Après une formation de navigateur en Saintonge (vers 1586-1594), il s'enrôle comme soldat en Bretagne (1595-1598), puis devient explorateur des colonies espagnoles d'Amérique (1599-1601), du fleuve Saint-Laurent (1603) ainsi que de l'Acadie (1604-1607) et de la côte atlantique (entre l'actuel Nouveau-Brunswick et Cap Cod). Il nomme définitivement la Nouvelle-France en l'inscrivant sur la carte de 1607, représentant l'Acadie à partir de La Hève jusqu'au sud du Cap Cod. Champlain enracine la première colonie française permanente, à Port-Royal d’abord, puis à Québec ensuite. À cette fin, il bénéficie du soutien du roi de France Henri IV, de Pierre Dugua de Mons, de François Gravé et du chef montagnais Anadabijou.

N'appartenant pas à la grande noblesse, Champlain agit en tant que subalterne d'un noble désigné par le roi. Il est ainsi d'abord lieutenant du lieutenant général de la Nouvelle-France, Pierre Dugua de Mons et à partir de 1612, « lieutenant du vice-roi de la Nouvelle-France » qui est successivement le comte de Soisson, le prince de Condé, le duc de Montmorency et celui de Ventadour. À partir de 1633, Champlain est lieutenant du cardinal de Richelieu dans toute l'étendue du fleuve Saint-Laurent.

Les difficultés rencontrées dans l'entreprise d'une colonisation de l'Amérique du Nord sont nombreuses, et ce n'est qu'à partir des étés 1634 et 1635, dans les dix-huit derniers mois de sa vie, que Champlain voit son rêve de colonisation se concrétiser, avec l'arrivée et l'établissement de quelques dizaines de familles de colons. Son acharnement à vouloir implanter une colonie française en Amérique du Nord lui vaut, depuis le milieu du XIXe siècle, le surnom de « Père de la Nouvelle-France ».

Samuel de Champlain est né dans une famille protestante. Son enfance est inconnue, mais il en tire une bonne formation de navigateur et de cartographe dans l'armée royale de Bretagne, ainsi que de dessinateur et de rédacteur de textes. Il écrit plus tard de nombreux ouvrages (voir Œuvres). Il dit lui-même « qu'il s'affectionne dès le bas âge à l'art de la navigation et l'amour de l'océan ». Un document de 1601 indique un lien familial avec Guillaume Allène, son oncle lorsqu'il hérite de son domaine viticole situé à La Jarne, près de La Rochelle. Guillaume Allène est allé vivre à Brouage en 1583 lorsqu'il avait épousé l'une des sœurs de la mère Champlain.
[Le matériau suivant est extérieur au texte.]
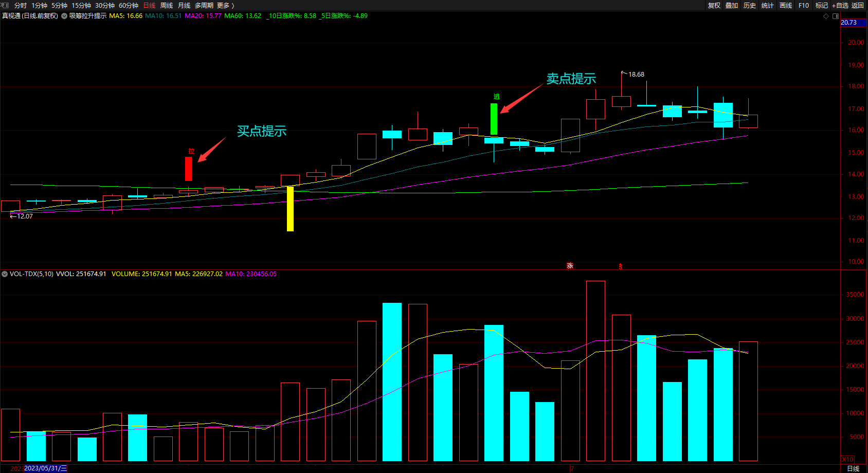 (赚钱趋势指标公式 通达信实用的主力吸筹拉升逃顶提示 主图 源码 )

Robert Le Blant a retrouvé dans les archives de l'Ille-et-Vilaine, la première mention de Samuel de Champlain. C'est un relevé de paie dans l'armée royale de Bretagne daté du mois de mars 1595.

Dans l'armée du roi, en Bretagne (1595 - 1598)
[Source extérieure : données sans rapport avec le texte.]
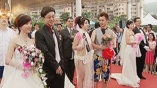 聯(lián)合婚禮上新娘比基尼吸睛(圖片來(lái)自臺(tái)媒)
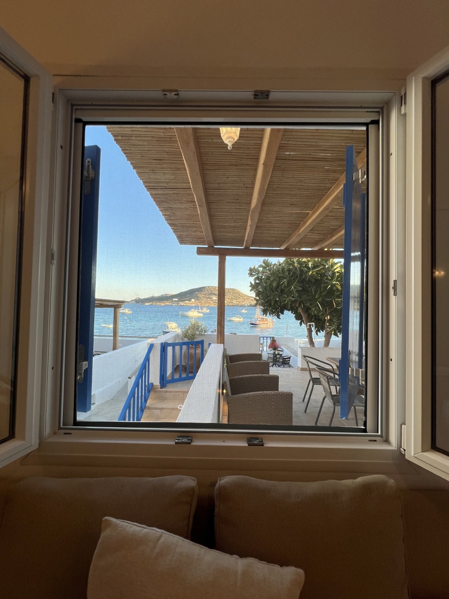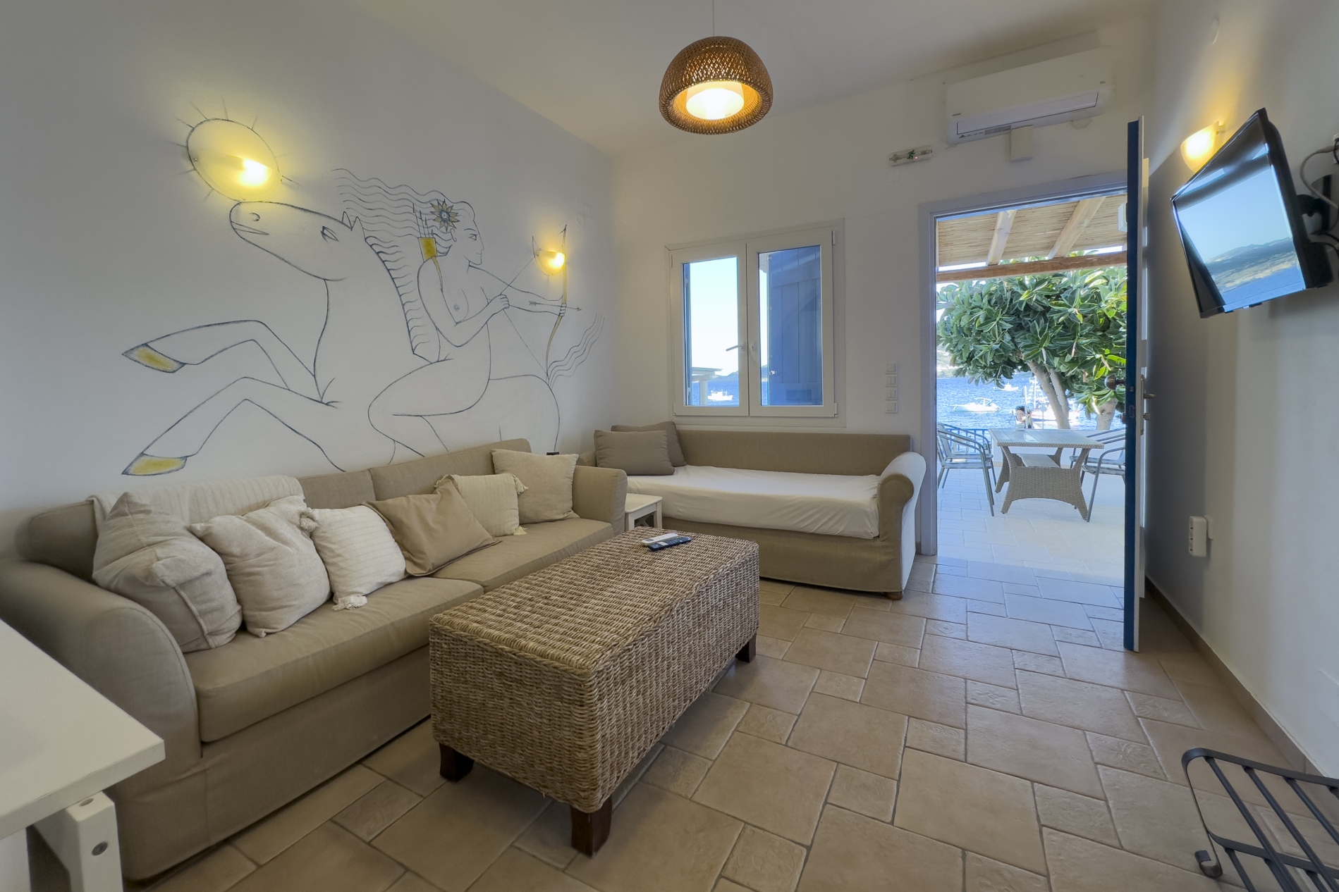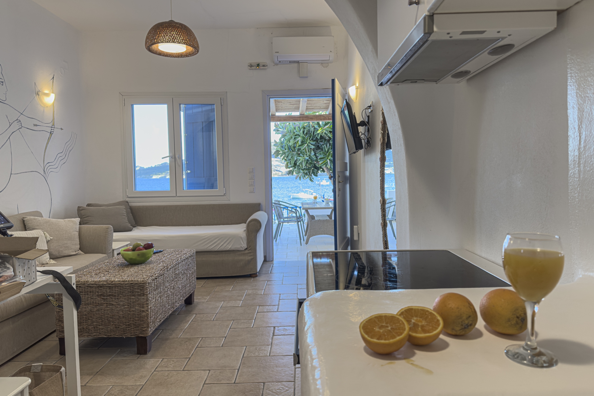 Il candido colore bianco delle Cicladi crea un'atmosfera suggestiva, insieme agli eleganti mobili in stile antico dell'appartamento Gorgo. Godetevi un soggiorno rilassante in un bilocale, con una cucina completamente attrezzata per la vostra comodità. La camera principale dispone di un letto matrimoniale e il confortevole soggiorno dispone di 2 divani, che si trasformano facilmente in 2 letti singoli.

Champlain prend part aux guerres de religion, qui ont ravagé le royaume de France dans la seconde moitié du XVIe siècle et où se sont opposés catholiques et protestants, appelés aussi huguenots. Henri IV luttait contre les catholiques de la Ligue, mais en 1593, Henri abjure sa foi protestante et il est sacré roi en février 1594.
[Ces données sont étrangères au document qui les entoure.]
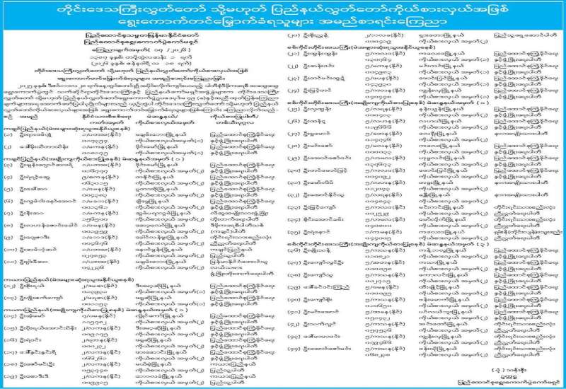 တိုင်းဒေသကြီးလွှတ်တော် သို့မဟုတ် ပြည်နယ်လွှတ်တော်ကိုယ်စားလှယ်အဖြစ် ရွေးကောက်တင်မြှောက်ခံရသူများ အမည်စာရင်းကြေညာ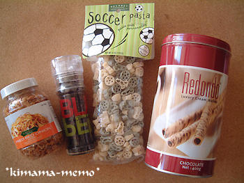 中にチョコの詰まったスティック状のクッキー缶、パスタ、ブラックペッパー、フライドオニオン。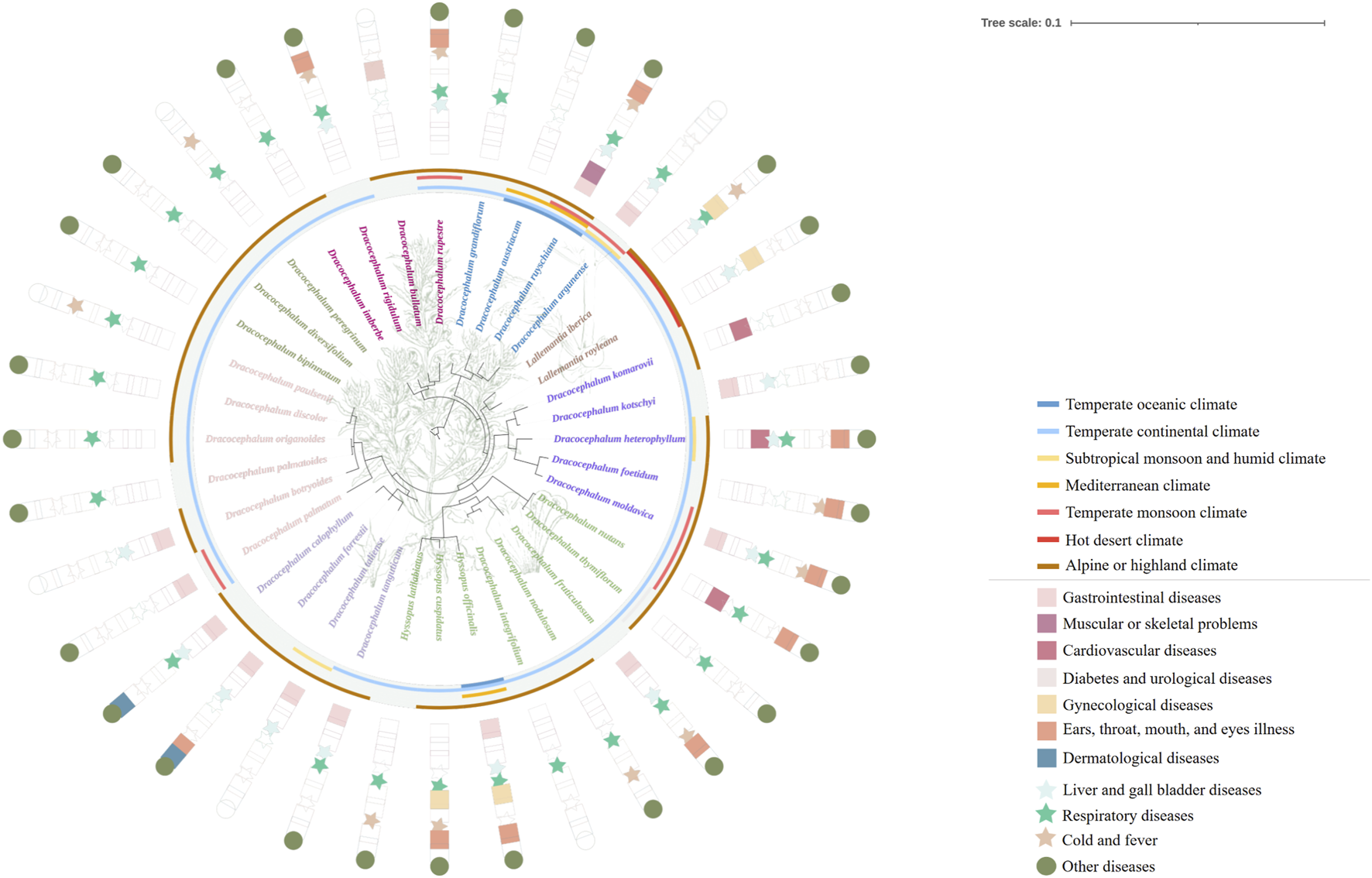 This refined phylogenetic tree expands upon the original framework constructed by Chen et al., with selective pruning to emphasize species of Dracocephalum and its closely related genera, recognized for their medicinal properties and historical use in healing practices. The outermost ring of the visualisation encapsulates the climatic distribution characteristics of these plants, collated from the World Plants database [https://www.worldplants.de/world-plants-complete-list/complete-plant-list] and the iPlant database [http://www.iplant.cn/]. The annotations on the outer layer provide insights into the medicinal efficacy attributed to these species, offering a visual representation of their therapeutic potential. The traditional classification of efficacy is shown in Supplementary Table S2, and the climate information of each region is shown in Supplementary Table S5.

Samuel Champlain s'engage au printemps 1593 dans l'armée du roi, sous la direction des maréchaux d'Aumont, de Saint-Luc, puis de Brissac, à Blavet, dans le sud du duché de Bretagne. Champlain intègre alors le Service des Logis de l'armée royale de Bretagne, véritable école de cartographie. Cette armée levée par Henri IV vise à soumettre le duc de Mercœur, gouverneur sécessionniste de Bretagne et baillistre de la maison de Penthièvre. Il s'agit d'un épisode central de la huitième guerre de religion (1585–1598), au cours duquel le duc de Mercœur, dans le souci d'arracher la Bretagne catholique au « roi hérétique », offre refuge aux dernières troupes rebelles de la ligue catholique et organise le débarquement d'un corps expéditionnaire espagnol.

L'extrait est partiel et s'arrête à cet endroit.